In the winter, I can tell the road conditions by watching how slowly the traffic is crawling up there. I can often see the green flashers on the snowplows creating domes of blinking light that refract through the snowplow cloud. Sometimes it’s so slick the semis have their hazards on, and I can see that, too. Springtime with rain, cloud wakes follow trucks as their tires hash droplets off the pavement into a wet miasma.
At night, I can sometimes guess the weather by how the engines sound, how loud they are against a low or thick cloud cover vs. open sky, and how much wet tire noise there seems to be. I’m not expert at this yet. I also spend a lot of time pondering what exactly makes the sounds I hear. I know there’s engine noise, but also…wind against a grill? Wheels whipping the pavement? Words I use to describe those sounds: whirr-whine, air-howl, growl-breath. I also hear grating air brakes, flapping tarp corners, tires thripping along on rumble strips.
The other night I woke up at 2 am because it was raining, so I recorded that, and got a couple of vehicles in the mix too, a car at :16 and a truck at :40. It’s all rather soothing.

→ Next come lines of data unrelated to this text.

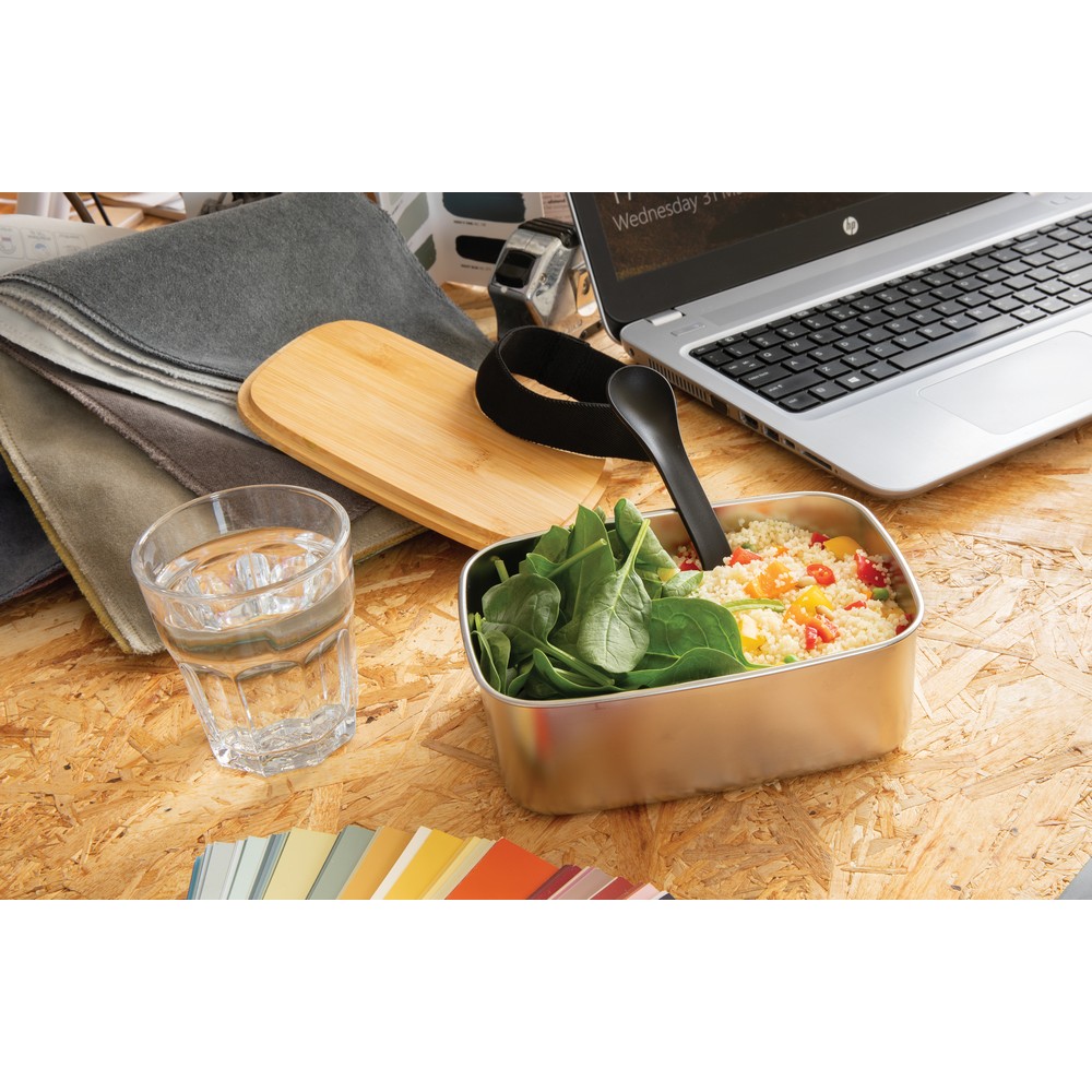 Pudełko śniadaniowe, lunchbox o pojemności 1500 ml, wykonane ze stali nierdzewnej, bambusowe wieczko, w komplecie łyżkowidelec i elastyczny pasek, można myć w zmywarce z wyjątkiem bambusowego wieczka, ślad węglowy produktu: 2,18 kg CO2
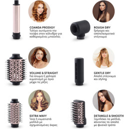 Κάθε εξάρτημα μπορεί να προσαρμοστεί στη βάση της συσκευής, δίνοντας τη δυνατότητα να αλλάζεις εύκολα στυλ — από ίσια μαλλιά έως μπούκλες ή όγκο — χωρίς να χρειάζεσαι πολλές διαφορετικές συσκευές.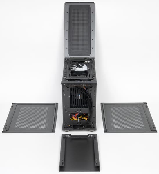 Надо отметить и минимальное количество винтов, используемых для крепления внешних панелей, которые в основном держатся защёлками. Сказанное в полной мере касается фронтальной и боковых крышек – они снимаются без отвёртки, и лишь верхняя и нижняя дополнительно зафиксированы винтами (по одному на задней кромке у каждой из них).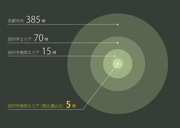 高辻通以北でのマンション出現率は約1.3%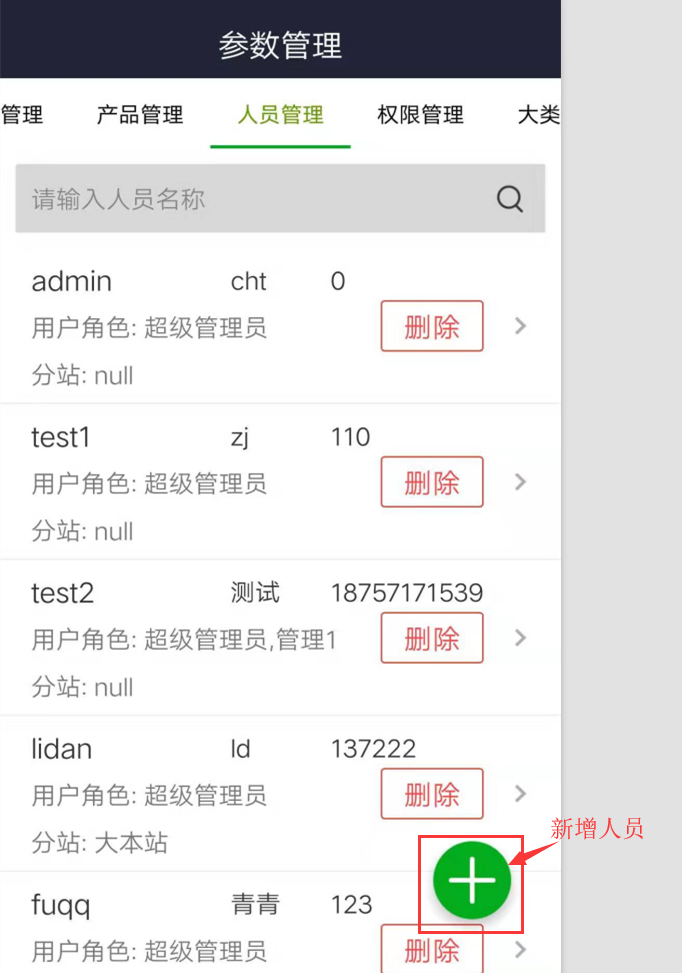 可新增編輯人員信息,修改名字,權限等(設定角色權限,不同人員不同權限的劃分)

One of my favorite college-era movies was Singles, with its fantastic soundtrack and lots of great actors not much older than me, living the young adult life I coveted. In this film, Matt Dillon’s character is dating Bridget Fonda’s character. He’s kind of a jerk, so she breaks up with him. He tries to get her back by describing how he used to live by the airport, and it was so noisy nobody would come to his cookouts, but then he moved and he missed the noise. Then he tells her that he misses her. She’s the noise. And I wonder, if I moved from my disco-era townhouse, would I miss my interstate and its noise?
Don’t miss Interstate Love Song by Stone Temple Pilots. So good.
just kidding, my mom never drove that slow
Answer: Monday morning, followed by Tuesday morning, in this pattern through Sunday, the quietest morning. But Sunday is also the day they heave railcars together over at the railyard, and that’s an extremely loud activity.
They don’t seem to. And that’s not a human nature question. I’m just interested.